Overseas multi-Si wafer prices stayed at USD 0.15–0.154/piece and averaged USD 0.152/piece this week, as Indian customers started making requests for quotes, although no orders have been placed so far.

Chinese mono-Si wafer prices hovered this week at RMB 2.36–2.52/piece for G1 and RMB 2.52–2.61/piece for M6, mainly because Tier-1 makers held up their prices. With prices coming increasingly closer to the break-even point of Tier-2 and 3 makers, the price gaps narrow between Tier-1 smaller producers. So, Tier-1 makers will be able to reduce their stocks.

As new production lines are coming online as scheduled and will continue to go smoothly in Q3, while producers are operating with a utilization rate of 90%, mono-Si wafer supply will continue to outstrip demand. In this case, mono-Si wafer prices may be cut a second time this month—but by a smaller degree than before.


Mono-Si cell prices for G1 and M6 were consistent this week with their previous levels, coming in at RMB 0.79–0.8/W in China and averaging USD 0.1/W in overseas markets. The prices look set to remain stable in the first half of June thanks to the June 30 installation boom in China and the gradual recovery of some overseas markets, but they may resume their slow decline as the installation boom winds down in mid-June.

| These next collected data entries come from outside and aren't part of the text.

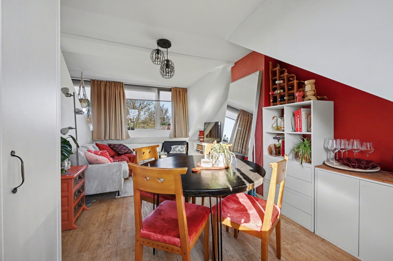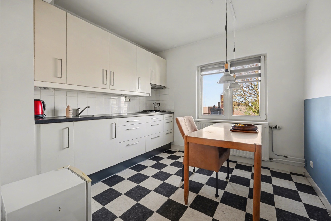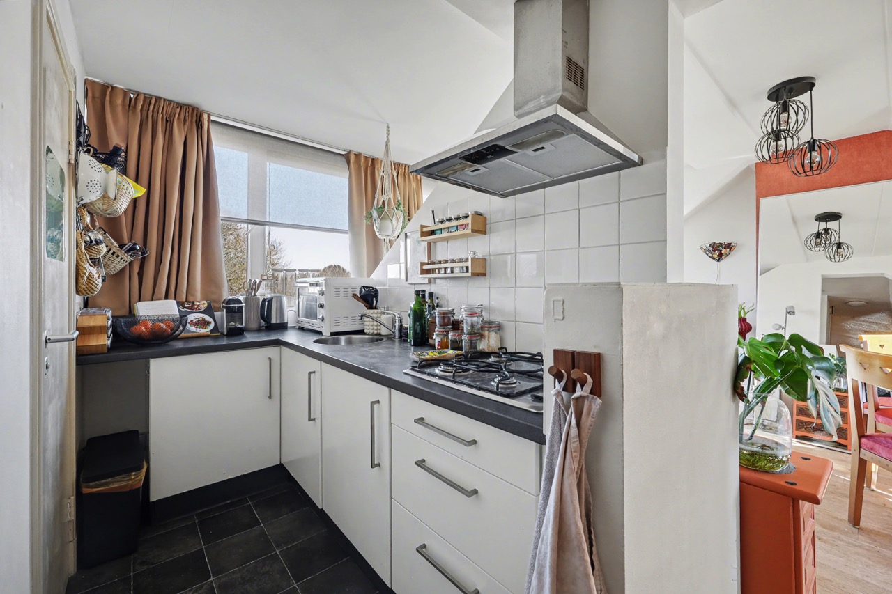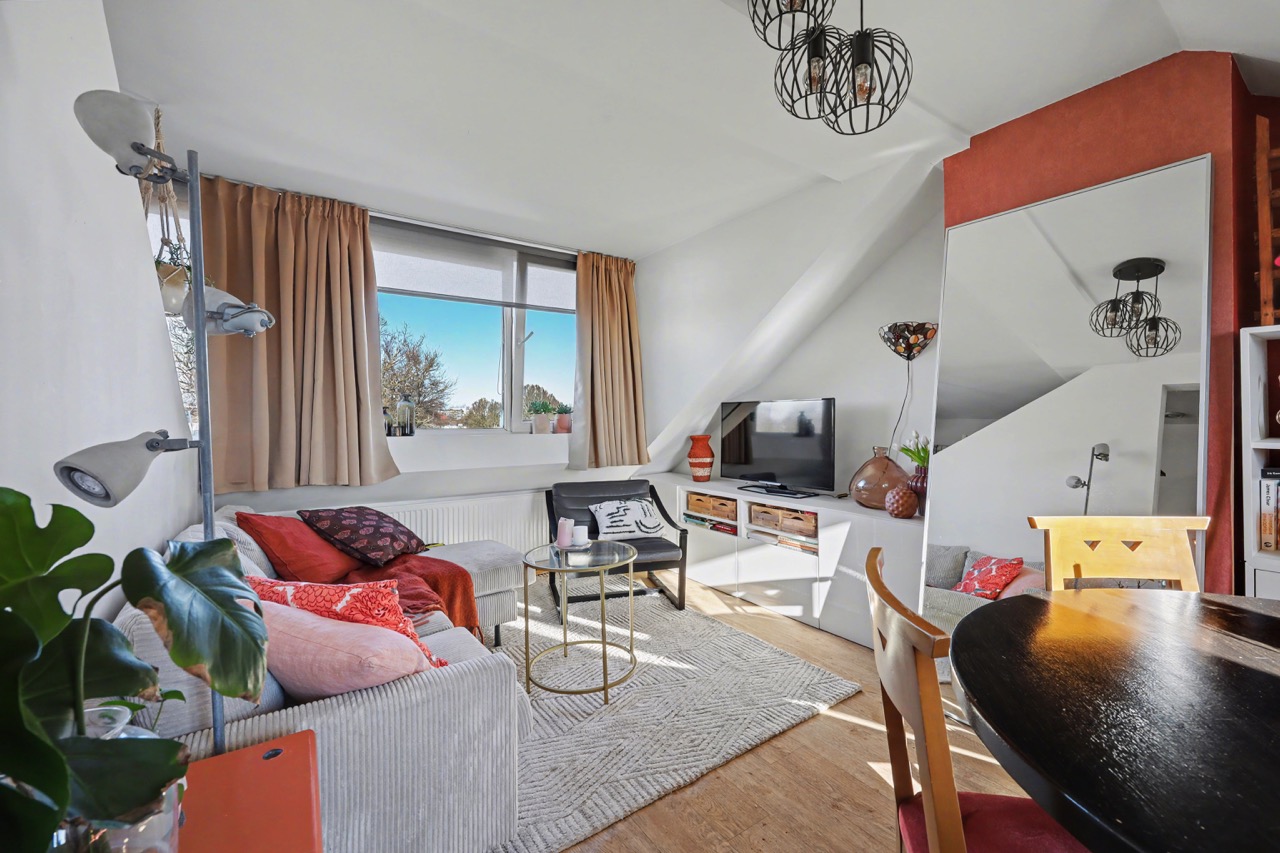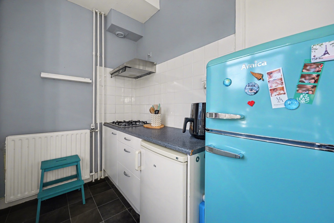 Derde verdieping: mooie lichte zolderverdieping met dakkapellen, open keuken met complete inrichting, toegang tot badkamer die is voorzien van een douche, wastafel, toilet en wasmachine-aansluiting. Verder is er een woon-/slaapkamer en de nodige bergruimte onder de schuine daklijn.
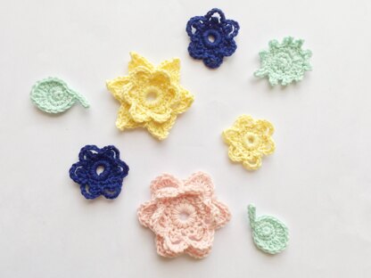 | One size only: | Double layered flowers are approx. 6cm diameter. Small flowers are approx. 4cm diameter. Each leaf is approx. 4.5cm long. |
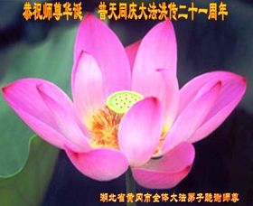 值此世界法輪大法日暨師父六十二華誕之際,石家莊一大法弟子向師尊問好!在此叩拜師父!謝謝師父的救度之恩!
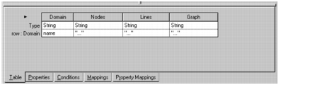 In the previous section, you created a table representation, which means that you created two data source tables. As you can see, these tables are empty. The Main data source table, called DomainsOfNetwork::table, represents a network with its associated domains appearing as rows in the table.
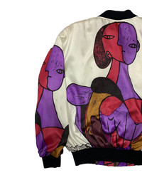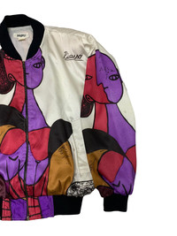 🔥VTG PICASSO ART BOMBERS JACKET SIZE FREE MADE IN KOREA CONDITIONS USED -GOT SMALL DEFECTS UNDER ARMPIT REFER PHOTO CODE: G5
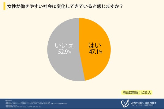 「女性が働きやすい社会に変化してきていると感じますか?」と質問したところ、「はい(47.1%)」「いいえ(52.9%)」という回答結果となった。

On the supply side, prices for M6-sized mono-Si cells will be relatively stable and show slower decline than those for G1 ones, largely because there’s only a small number of producers make M6-sized mono-Si cells now. Although some producers are shifting to manufacture M6-sized cells, how the mainstream cell size changes over time remains to be seen.

Prices for M2-sized mono-Si cells—which were recently consistent with those for G1 ones because of the June 30 installation boom and diminished production capacity—sat at RMB 0.79–0.8/W this week. A handful of deals were even clinched at RMB 0.8–0.82/W. However, when the installation boom ends, M2 mono-Si cells will stop rising and begin to fall.

Multi-Si cell prices stayed at an average of RMB 2.3/piece. The prices will remain stable for a short period of time—considering that businesses in some regions of India, the largest market of multi products, had reopened despite an extended lockdown until the end of June, allowing some multi-Si cell producers to negotiate orders and make deliveries to their Indian customers.


The June 30 installation boom is drawing to a close. After the boom ends, the Chinese module market will again hit by a slack. Moreover, the bid prices unveiled recently showed that module makers offered increasingly lower quotes to secure orders. These aggressive low quotes can also be ascribed to rising module power output and falling costs per wattage.

The market prices for modules to be delivered in Q3 are RMB 1.5–1.55/W. Yet, Q4 will see a growing number of modules delivered at a market price lower than RMB 1.5/W, pushing down overseas module prices to as low as USD 0.19/W at the end of this year.